Internal walls and the outside ends clamped in place
THE ENDS End details, such as the electrical boxes were made from scrap wood, lengths of wire and then glued and screwed in place, while the corridor connections were made up of a sandwich of plywood and sponge-filled plastic sheet as used on car fascias and interiors. This not only gives the right look and feel but also allows a degree of compression - just like sprung buffers, everybody seems to want to push it to see if it moves! The doors were adorned with handrails from steel rod held in place by 5 gauge loco handrail knobs and door handles from filed metal rod. The actual entry steps were fashioned from chequer-plated aluminium.

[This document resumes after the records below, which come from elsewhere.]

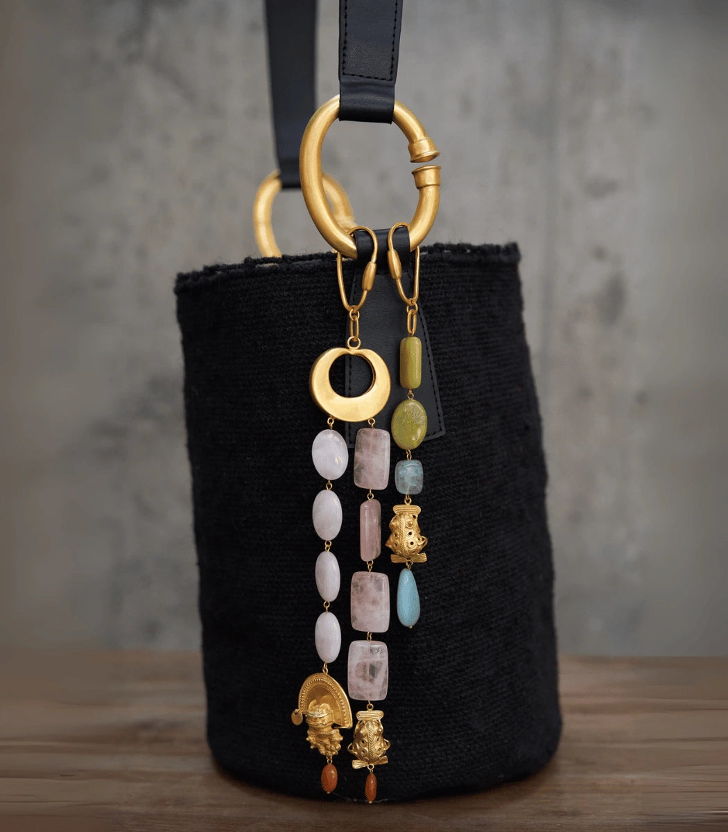 This keychain blends ancestral ZENÚ symbols with green and blue semi-precious stones. A handcrafted piece that embodies the wisdom of the earth and the fluidity of water—designed to accompany you each day with purpose.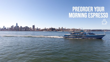 Preorder your morning espresso drink before you arrive at our Larkspur Ferry Terminal and your coffee will be waiting for you as you board your boat. Our new coffee cart at the Larkspur terminal offers a variety of delicious espresso drinks and a small variety of snacks to grab and go before you board.
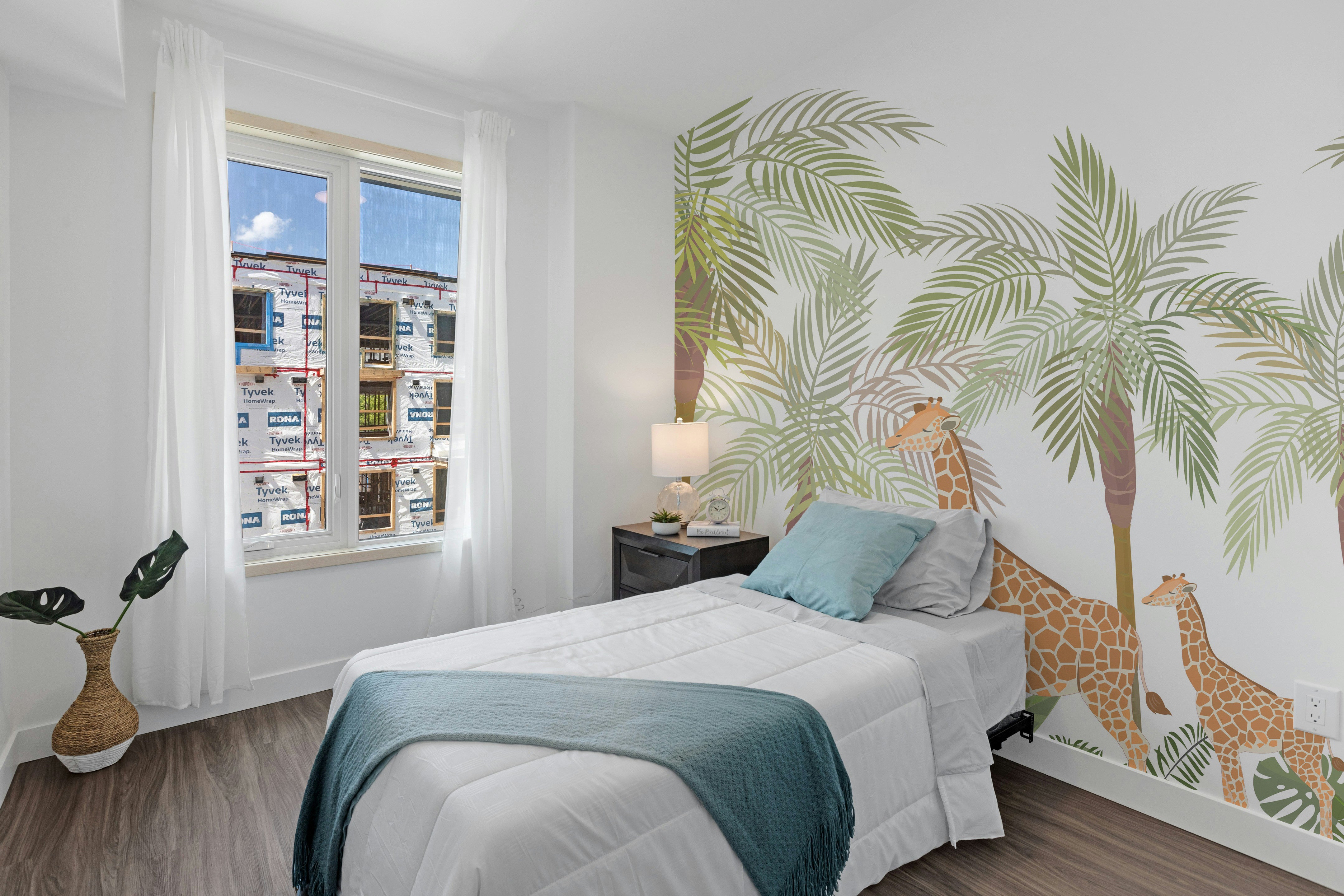 Tropical jungle mural featuring wild animals

THE ROOF The roof for each coach was fabricated from fibre-glass. A fellow member at the Wortley Top Forge Model Engineers volunteered to supply these, in any length sections required, and their use on the 2-BIL bore suitable testimony of the look and strength of this form of roofing. To the purist, the profile of the roof is actually wrong for a Pullman but the prospect of trying to build a properly shaped roof any other way did not bear thinking about! Like the 2-BIL, I had planned to keep the roof plain to enable passengers to sit astride. However, to date, everybody I've spoken to has made it clear that it would be lunacy to allow riders due to the damage which would be done to the coach from shoes and boots kicking against the sides! nevertheless, I have still not added ventilators or other detail to the roof ......... yet!
THE UNDERFRAME The underframes were made from box section mild steel and welded up by a friend using an old door as a means of holding the various steel parts together and in line. They were then thoroughly cleaned up and painted using Hammerite black. Holes were drilled in the underframes and the inside of the coach bodies, and the two parts united with heavy duty nuts and bolts. The underframe is not a true replica of the protoype, but by using the conventional design of trusses under the solebars, this gives something for the coach to stand on when not mounted on its bogies - and it looks OK so I'm happy with it!
Like the underframe, the bogies are not accurate but instead are based on the tried and tested design we developed at Wortley Top Forge and have stood the test of time on the 2-BIL and some of our other coaching stock. At least the wheelbase and the wheels are scale!